Cricket flour as a gluten-free cake ingredient: affective and discriminative sensorial analysis
DOI:
https://doi.org/10.47320/rasbran.2021.2125Abstract
Objective: to evaluate the sensorial acceptability of a gluten-free cake prepared with cricket flour and to identify it among equivalent preparations by means of the difference in sensory attributes.
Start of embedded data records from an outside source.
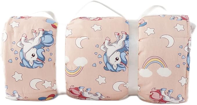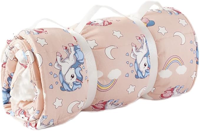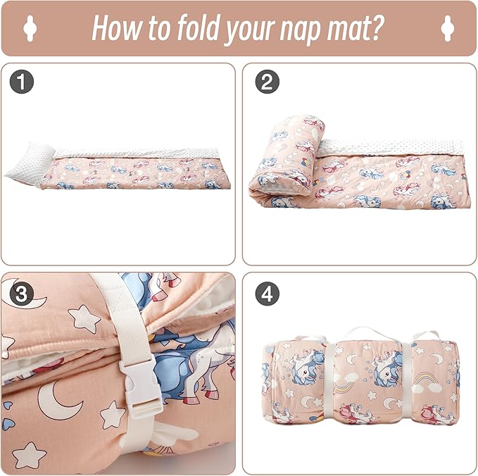 - CONVENIENT FEATURES: Designed to roll-up, velcro close, and carry away with a handle, this nap blanket with pillow is easy to carry to daycare, school, on playdates, or on trips. Our padded nap mat is a toddler and baby essential.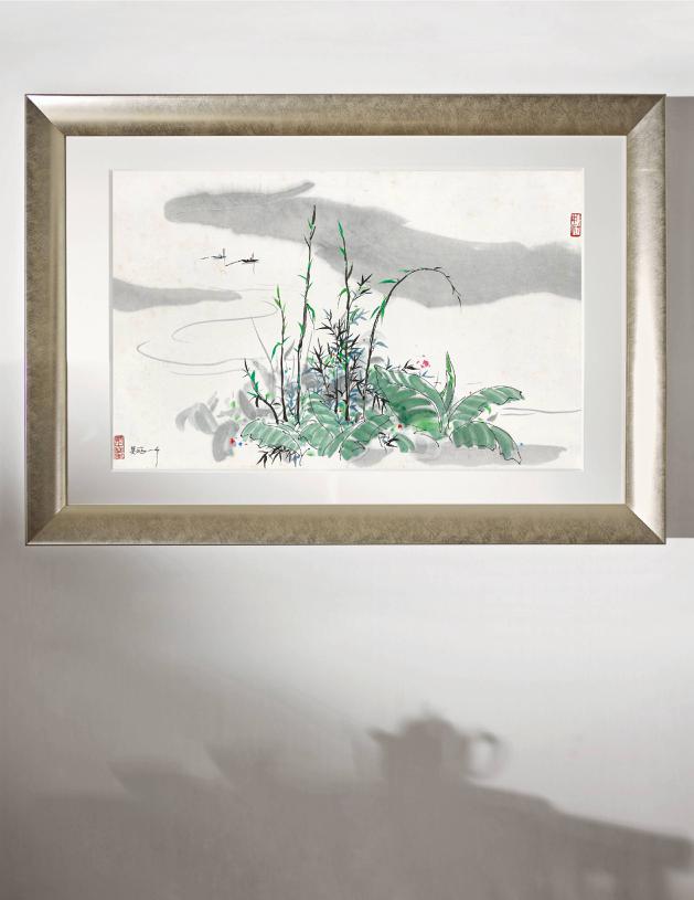 画家以高度抽象的图式来表现青衣江的柔美气质,芭蕉和竹枝为代表的植物色彩丰富明丽,占据画面中心,纵向的线条打破了横向的布景,类似构图在他的《太湖》、《十渡河畔》等作品中也有使用。平静的江水蜿蜒流过,两叶扁舟浮在江面,远岸以淡墨表现,朦朦胧胧,似真似幻。通幅构成严谨考究,色彩对比强烈,格调清新秀丽,饱含着吴冠中的乡土情感和具体入微的现实感受。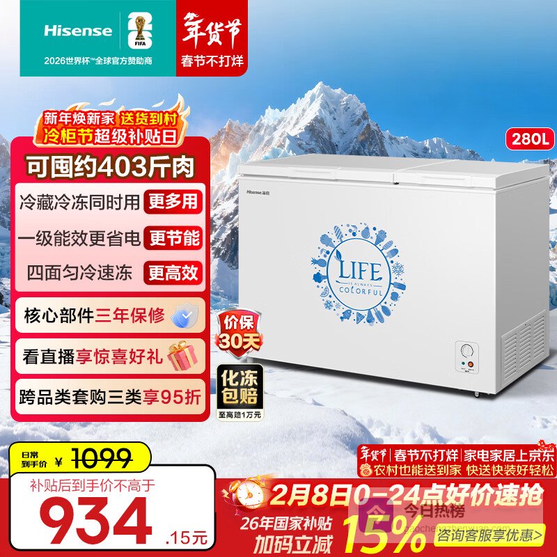 推荐热销款4:海信BCD-280ND大容量双温保鲜柜冷冻柜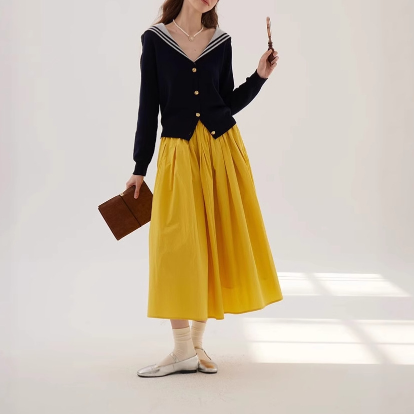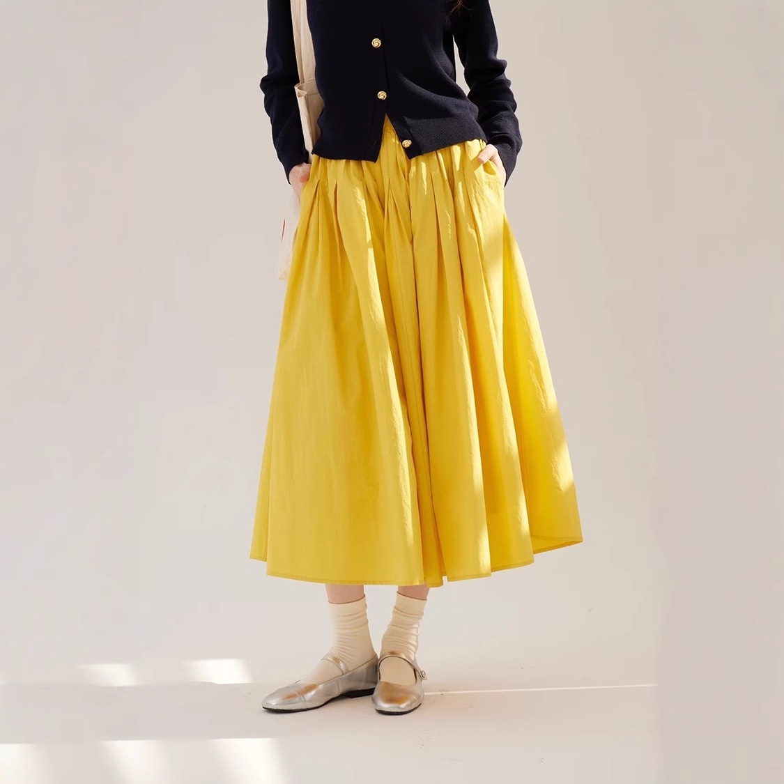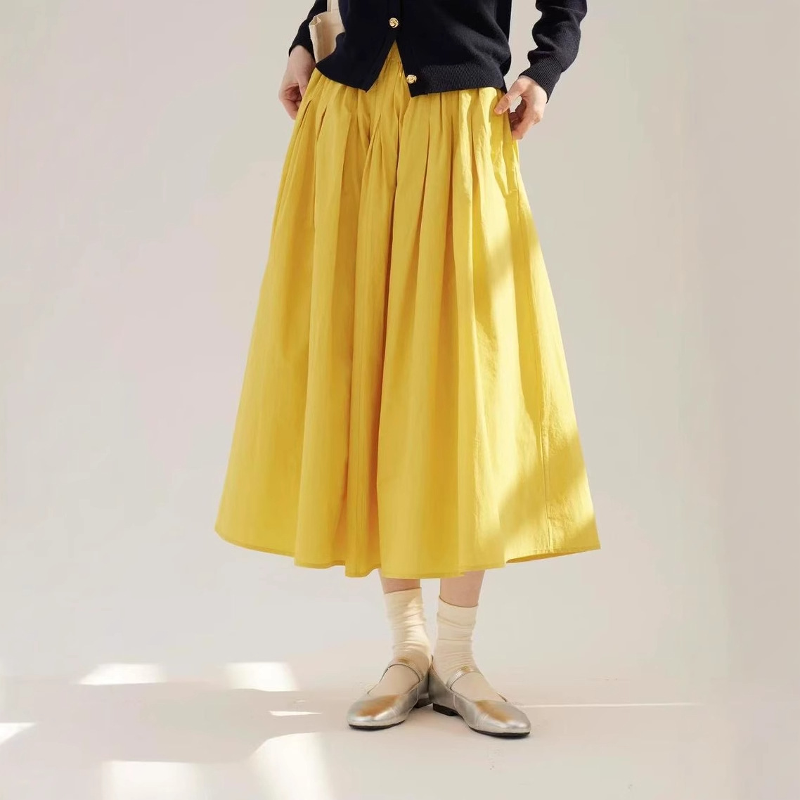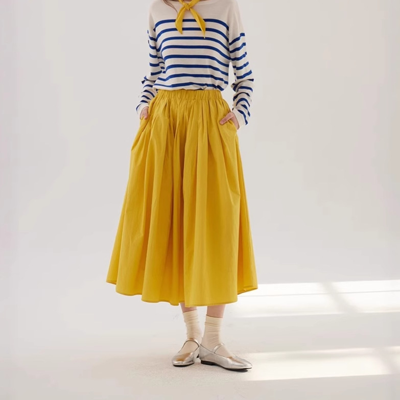 たっぷりとしたギャザーが美しく広がり、歩くたびに優雅な印象を与えます。

Method: Three gluten-free cake preparations were developed: Cricket flour (FG); Soy Extract (ES); Whey Protein (PSL). For sensory evaluation, 200 untrained tasters were invited to taste the three preparations in a blinded test and use a nine-point hedonic scale for the attributes of appearance, aroma, color, texture, taste, and general acceptability. In addition, subjects were asked to identify each tasted sample as one of the three available options. The Acceptability Index (IA%) for each attribute was calculated and analysis of variance with Tukey's test was used to verify differences between samples. For identification, the chi-square test and Goodman-Kruskal Gamma coefficient were used for the degree of agreement of correct answers. Results: The FG cake received the highest score for the general acceptability attribute among the three preparations and significantly exceeded the ES in all attributes. Compared to PSL, it was greater only in two attributes, appearance and acceptance, but without statistical difference. The highest rate of correct identification was for FG (64.5%) with significant chi-square and a gamma of 0.53, indicating a high identification agreement for all the three preparations. Conclusion: cricket flour gluten-free cake had positive acceptance and opens new perspectives for future trends in food consumption and research.